Kullanıcı Aletleri

Site Aletleri


acz

Acz

  • “… vâsıta-yı rızk-ı helâl, iktidar ve ihtiyar ile olmadığını; belki, acz ve zaaf ile olduğunu anlamak için balıklar ile tilkileri, yavrular ile canavarları, ağaçlar ile hayvanları muvâzene etmek kâfidir.”1)
  • “… emr-i kün feyekûn’e mâlik bir Sultân-ı cihan’a, acz tezkeresiyle istinad eden bir adamın, ne pervâsı olabilir? … Evet, ârif-i billâh; aczden, mehâfetullahtan telezzüz eder. Evet, havfda lezzet vardır. Eğer, bir yaşındaki bir çocuğun aklı bulunsa ve ondan suâl edilse: ‘En lezîz ve en tatlı hâletin nedir?’ Belki diyecek: ‘Aczimi, zaafımı anlayıp, vâlidemin tatlı tokatından korkarak, yine vâlidemin şefkatli sinesine sığındığım hâlettir.’”2)
  • “İbadetin mânâsı şudur ki: Dergâh-ı ilâhîde abd, kendi kusurunu ve acz ve fakrını görüp kemâl-i rubûbiyetin ve kudret-i samedâniyenin ve rahmet-i ilâhiyenin önünde hayret ve muhabbetle secde etmektir.”3)
  • “Hulfü’l-vaad ise hem zillet, hem tezellüldür. Hiçbir cihetle celâl-i kudsiyetine yanaşamaz. Hulfü’l-vaîd ise ya aftan, ya aczden gelir. Hâlbuki küfür, cinâyet-i mutlakadır; affa kabil değil. Kadîr-i mutlak ise, aczden münezzeh ve mukaddestir.”4)
  • “Nasıl ki, açlığın dereceleri nisbetinde ve ihtiyâcın envâı miktarınca taamın lezzeti ve derecâtı ve çeşitleri anlaşılır; onun gibi sen de nihayetsiz aczin ve fakrınla, nihayetsiz kudret ve gınâ-yı ilâhiyenin derecâtını fehmetmelisin.”5)
  • “Hem insanı bütün hayvanâtın mâdûnuna düşüren hadsiz zaaf ve aczi, fakr ve ihtiyâcâtı.. ve bütün hayvanlardan daha bedbaht eden vâsıta-yı nakl-i hüzün ve elem ve gam olan aklı, o nur ile nurlandığı vakit; insan, bütün hayvanât, bütün mahlûkat üstüne çıkar. O nurlanmış acz, fakr, akıl ile, niyaz ile nazenin bir sultan.. ve fîzar ile nazdar bir halife-i zemin olur.”6)
  • “… insan, nihayetsiz acziyle nihayetsiz beliyyâta maruz ve hadsiz âdânın hücumuna müptelâ.. ve nihayetsiz fakrıyla beraber nihayetsiz hâcâta giriftar ve nihayetsiz metâlibe muhtaç olduğundan; vazife-i asliye-i fıtriyesi, imandan sonra duadır. Dua ise, esâs-ı ubûdiyettir.”7)
  • “… Fâtır-ı Hakîm, insanın mahiyet-i mâneviyesinde nihayetsiz azîm bir acz ve hadsiz cesîm bir fakr dercetmiştir. Tâ ki, kudreti nihayetsiz bir Kadîr-i Rahîm ve gınâsı nihayetsiz bir Ganiyy-i Kerîm bir Zât’ın hadsiz tecelliyâtına câmi geniş bir ayna olsun.”8)
  • İnsan şu kâinat içinde pek nazik ve nâzenin bir çocuğa benzer.
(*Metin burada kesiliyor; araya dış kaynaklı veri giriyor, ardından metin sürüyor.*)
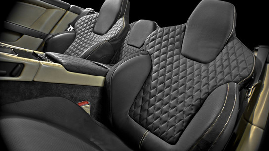 Kahn didn’t want to mess too much with the styling of the Volante, so they just fitted it with Kahn Sports exhaust, Sports lowered suspension, red calipers and privacy glass. Same applies ot the interior. DB9’s dashboard is a bit hard to live with due to the size of the buttons and the design of the dials. But aesthetically, it is one of the best in the world. Here Kahn provides cream and pearl grey interior detailing.
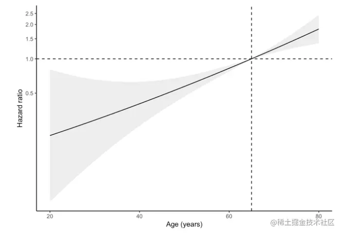 I((age - 65)/10) 0.2814 1.325 0.093 3.024 2.5e-03
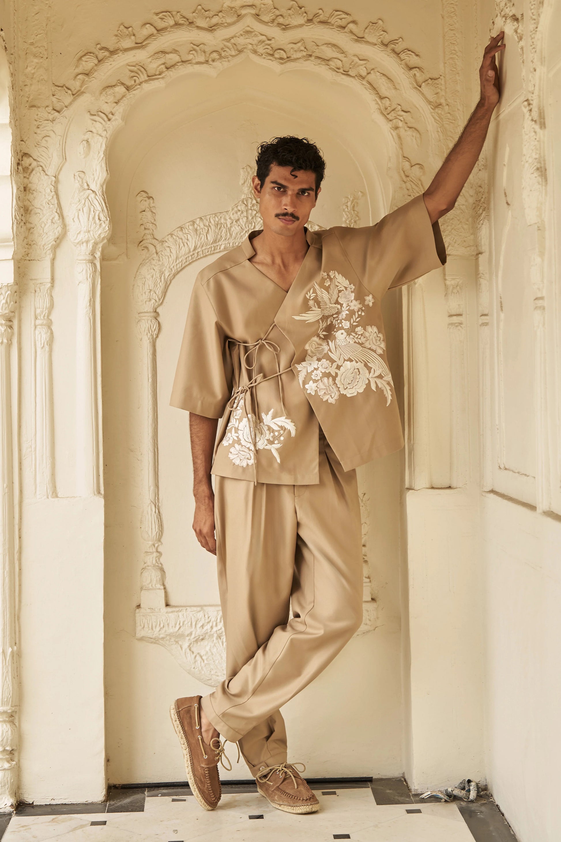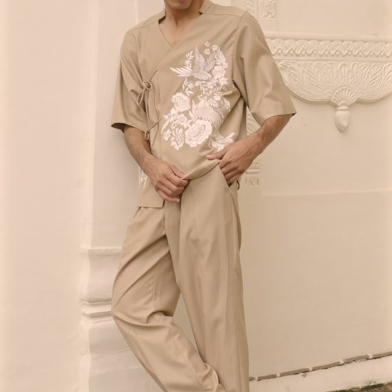 Khaki tapered pant with front pleats and buttoned cuffs at the hem. Semi-elasticated waistband with front zip closure. Pockets in the sides and patch pockets at the back. Relaxed fit.
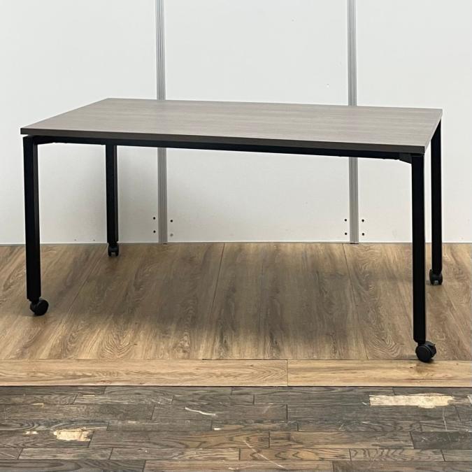 【20年度製】コクヨ製 JUTO(ジュート)シリーズ 木目ダーク天板 (ブラウン系) W1500×D750サイズ 4本脚キャスター付 4名様でのミーティングに!移動が楽なキャスター付! ミーティングテーブル!!- 京都東寺店
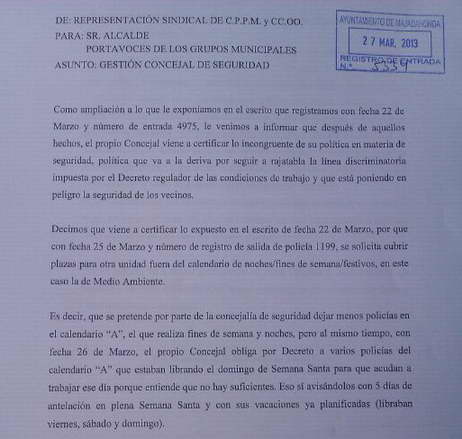 | 19/03/2013 | Escrito sobre Concejalía de Seguridad | ||||||||||
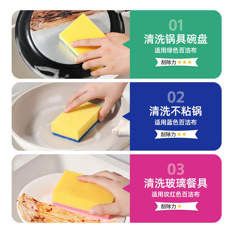 美丽雅百洁布厨房专用家用洗碗海绵擦吸水不易粘油清洁刷锅海绵块
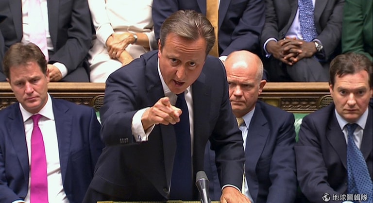 照片中是英國首相卡麥隆,他在國會中與議員們激烈辯論
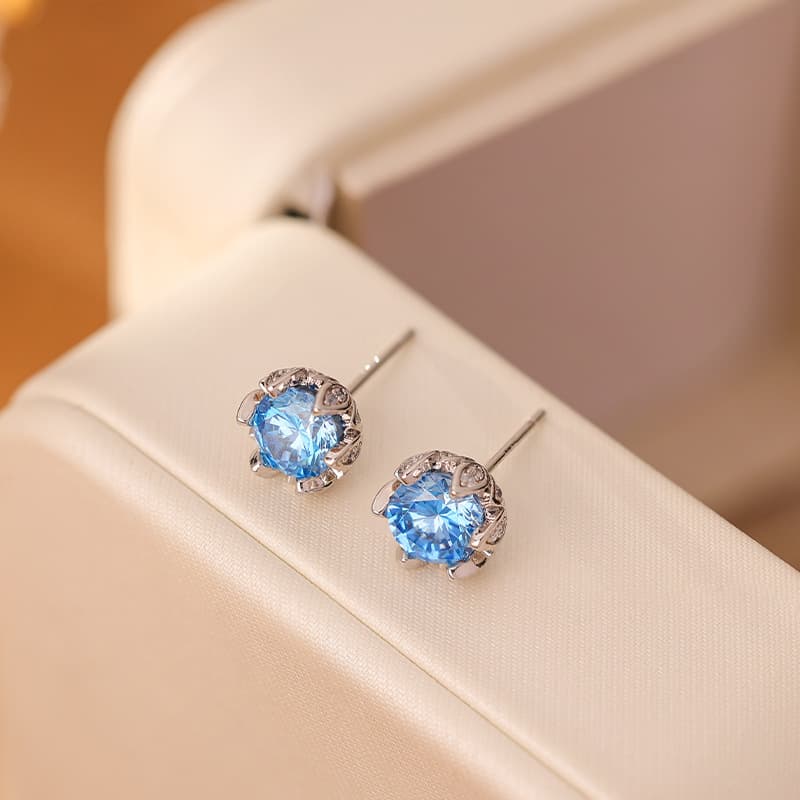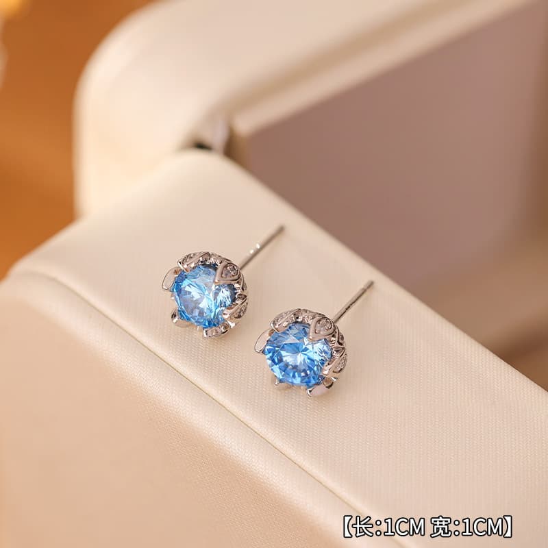 Presenting our elegant 925 Sterling Silver Water Cube Blue Crystal Stud Earrings, a captivating addition to any jewelry collection
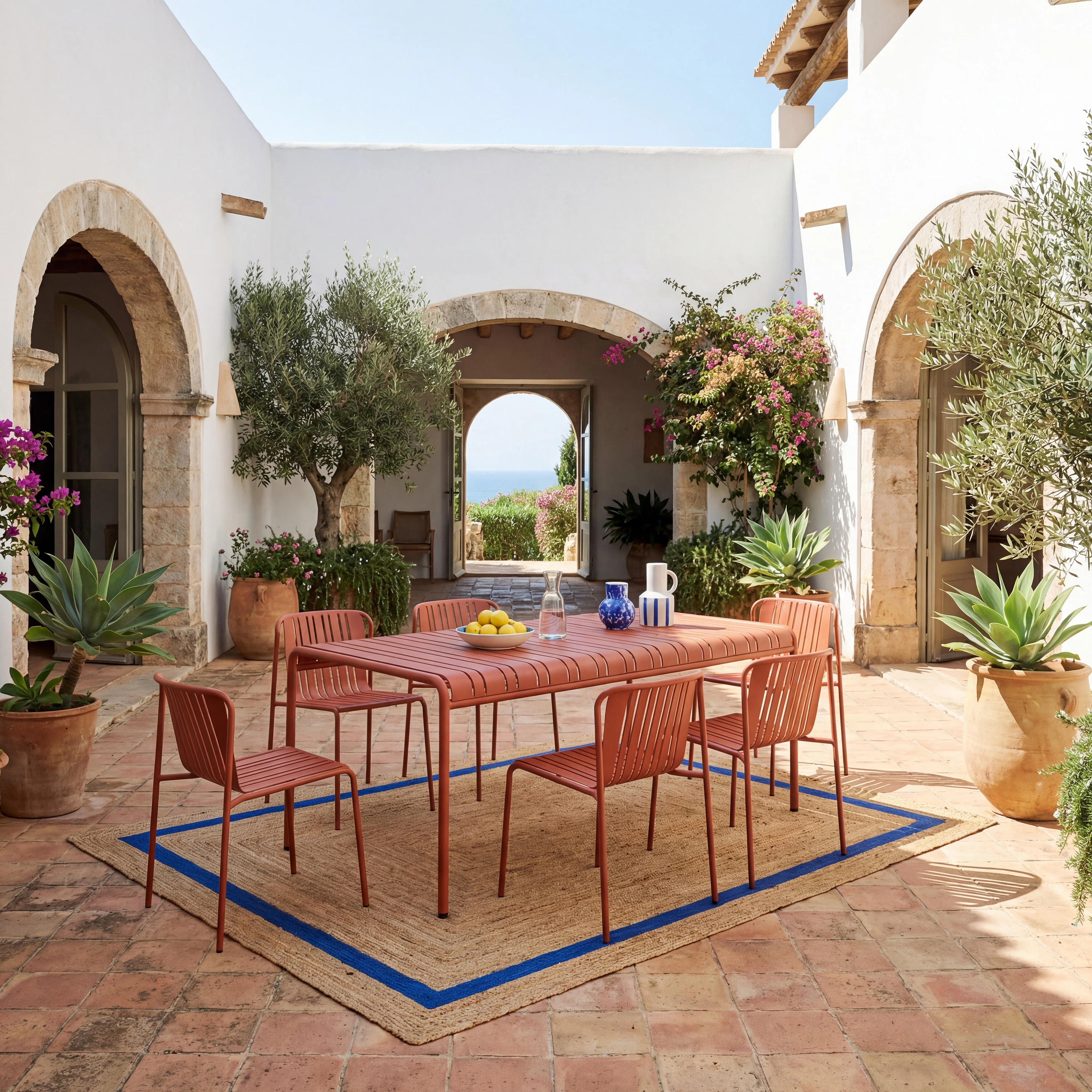 Azur verfraait je buitenruimtes op natuurlijke wijze. Perfect voor het creëren van een harmonieuze eetruimte in de open lucht door alle seizoenen heen, nodigt het uit tot momenten van samenzijn en gezelligheid.
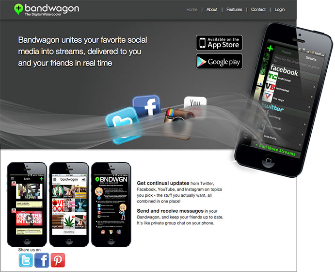 The first option is more open and uses animated gifs cycling through screen shots. The mobile version is based on Apple's App Store look.
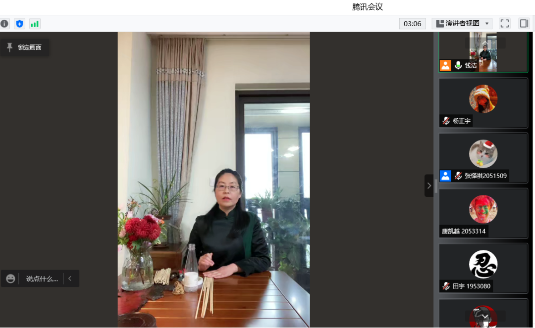 选修课程《中国传统插花艺术》主讲教师钱洁为同学们带来主题为“宿舍居家手工艺制作”的分享。钱洁老师着眼于宿舍居家生活中可以获得的插花器材,传授了竹签DIY花瓶插花和马克杯插花两种插花技巧。

Zaafında büyük bir kuvvet ve aczinde büyük bir kudret vardır. Çünkü o zaafın kuvvetiyle ve aczin kudretiyledir ki, şu mevcudât ona musahhar olmuş.”9)
  • Acz, elini nefisten çekse, doğrudan doğruya Kadîr-i Zülcelâl’e verir. Hâlbuki en keskin tarîk olan aşk, nefisten elini çeker, fakat mâşuk-u mecâzîye yapışır. Onun zevalini bulduktan sonra Mahbub-u Hakikî’ye gider.”10)
  • “Madem o kudret-i ilâhî lâzıme-i Zâtî olur, o Zât-ı Ezeliye, hem zarûre-i nâşie; onda zıddı olamaz, acz tahallül edemez.”12)
  • “… acz u fakr şuuruyla bezeli bir mü’min için, Cenâb-ı Hakk’ın öyle teveccühleri olur ki, bakarsınız Allah (celle celâluhu), hiç olmayacak şeyleri ona yaptırtır. Her şey öyle yerli yerindedir ki, dehrin hâdiseleri karşısında birilerinin onu kurtarmak için müdahale edip by-pass yapmasına ihtiyaç kalmaz. Bu durumu gören fert, olup bitenler karşısında ‘Ümitsizlik ve yeise düşecek ne var?’ diyerek şevkle hareket eder. ‘Niçin şükür duyguları içinde O’nun yolunda koşturup durmayayım ki!’ der, şevkle şahlanır. Daha sonra da sağanak sağanak başından aşağıya yağan nimetler karşısında sürekli tahdis-i nimet mülâhazasıyla gerilime geçer ve bir ömür boyu hız kesmeksizin yoluna devam eder. İşte Üstad Hazretlerinin, insanı şevk-i mutlak ve şükr-ü mutlaka ulaştıran acz u fakr mülâhazası budur. Yoksa buradaki fakirlik ve acziyetten kasıt, maddî fakirlik, insanın dünya adına hiçbir şeye malik olmaması demek değildir. Evet, Hz. Pîr’in ortaya koyup anlatmak istediği acziyet ve fakirlik, insanın, insanî realiteler içinde neye malik olduğunu ve ne kadar aciz olduğunu görüp idrak etmesi demektir. İşte bu yapılabildiği takdirde kalbdeki nokta-i istinat ve nokta-i istimdat tam duyulup hissedilecek ve böylece insan, kendini Hakk’a ulaştıran, Allah’la münasebetini derinleştiren kestirme bir yola girmiş bulacaktır.”13)

Acz-i Mutlak

  • “… en âlâ ve en yüksek tarîk olan tarîk-i ubûdiyet ve mahbubiyetin dört esasından en büyük esası şükürdür ki, o dört esas şöyle tâbir edilmiş: ‘Der tarîk-i acz-mendî lâzım âmed çâr çiz: Acz-i mutlak, fakr-ı mutlak, şevk-i mutlak, şükr-ü mutlak, ey aziz!’”14)

Ayrıca Bakınız

İlave Okuma

Dış Bağlantılar

Diğer Diller

Dipnotlar

1)
Bediüzzaman Said Nursî, Sözler, İstanbul: Şahdamar Yayınları, 2010, s. 23.
2)
A.g.e. s. 32.
3)
A.g.e. s. 43.
4)
A.g.e. s. 87.
5)
A.g.e. s. 136.
6)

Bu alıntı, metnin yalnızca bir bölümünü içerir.